Until age 65, her abundant passion and energy were poured into the Y.W.C.A., where she worked from her mid-20s to mid-40s, and the Presbyterian Church, her employer till she was forced to retire upon turning 65. This came as a shock, so she called a meeting of five friends in similar situations to discuss ideas, social issues, and how retirees can be actively involved. Opposition to the Vietnam War galvanized the group, which soon grew geometrically and forged connections with the young war protesters, becoming known as the Gray Panthers in the early 1970s. She served as key spokesperson for the group until her death in 1995. Her concern for quality of life at all ages also led her to help found the National Shared Housing Resource Center to give older people another alternative to living alone, with their children, or in a nursing home.

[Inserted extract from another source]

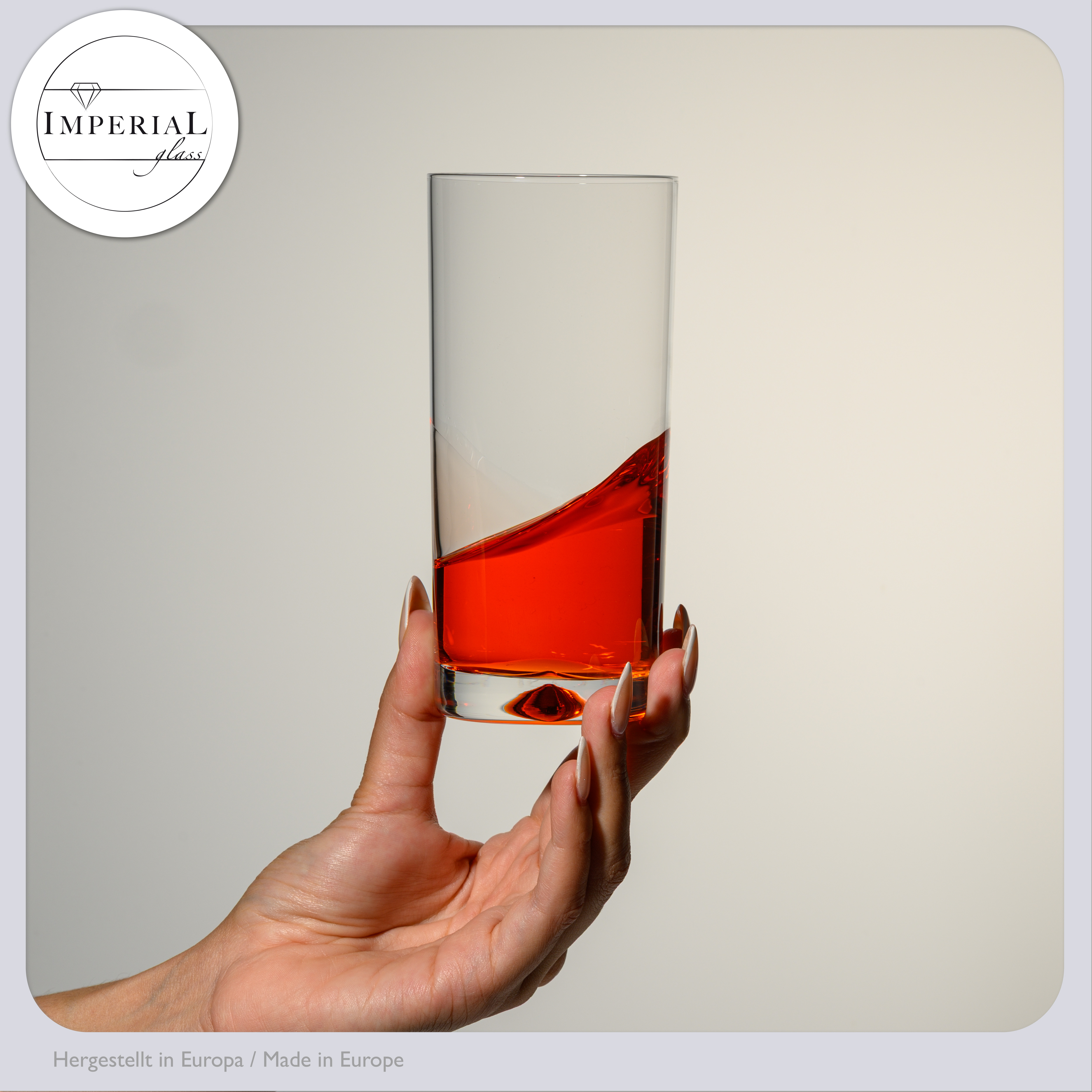 - Der geformte Glasboden mit optischem Bodenring und leichter Bodenmulde bietet stabilen Stand und angenehme Haptik; geeignet als Wasserglas, Saftglas, Longdrinkglas oder als als allgemeines Trinkglas für Softdrinks, Cocktails oder Schorle im Alltag sowie im Einsatz in Gastronomie oder Büro

Learn more about Maggie Kuhn by reading her provocative autobiography, No Stone Unturned: The Life and Times of Maggie Kuhn, written with Christina Long and Laura Quinn.
For a look at quite a different person, pick up the biography by Fran Grace, Carry A. Nation: Retelling the Life. Ms. Nation changed the spelling of her first name and retained her second husband’s surname after they were divorced, to indicate what she believed to be her God-given role: to “carry a nation.” My previous knowledge of Carry Nation was shallow—I just knew she destroyed many saloons with a hatchet in the cause of temperance. But when I learned that she started her "hatchetation" at age 54, I examined this rather scholarly, yet fascinating biography.
Carry Amelia Moore was born in 1846 in Kentucky, and later lived in Missouri, Texas, Kansas, and the Oklahoma Territory. Hand-in-hand with industrial growth and expansion, saloons and other liquor-serving establishments were springing up everywhere in the Midwest during her childhood. Carry’s first husband died of alcoholism shortly after they were married and she observed the sad plight of many as a result of alcohol abuse, including her own daughter, who had an alcoholic, abusive husband. Carry had early departed from the orthodox Christianity of her youth and adopted an eclectic, emotional and “spirit-filled” system of religious belief and practice. Tireless, fearless, and compassionate, she started preaching and soon became involved with the Women’s Christian Temperance Union.
But the turning point came in 1900 when Carry, now Mrs. Nation, destroyed three saloons in Kiowa, Kansas with unattended billiard balls and cue sticks, and brickbats she had brought from home. After the outcry died down, she made her way to Wichita for a spectacular smashing of a hotel bar. Upon her release from jail for this act, she soon picked up the hatchet that became her trademark for the rest of her energetic endeavors. Although her detractors were many and vociferous, her army of followers and co-smashers was at least as ardent.
All in all, I found Carry Nation a far more likable woman than I had thought I would. No-one can deny her strong principles and courage, but she also showed great empathy and capacity for self-sacrifice. The women of Hatchet Hall, a type of settlement house she established primarily for battered women, said that whenever Mrs. Nation was in the house it was full of fun, good conversation, and bountiful, tasty food, often prepared by Carry herself.
These are just a few of the fascinating women I’ve enjoyed reading about lately. Though Women’s History Month is drawing to a close, I urge you to read a few biographies of the women who have helped to make this world a better place.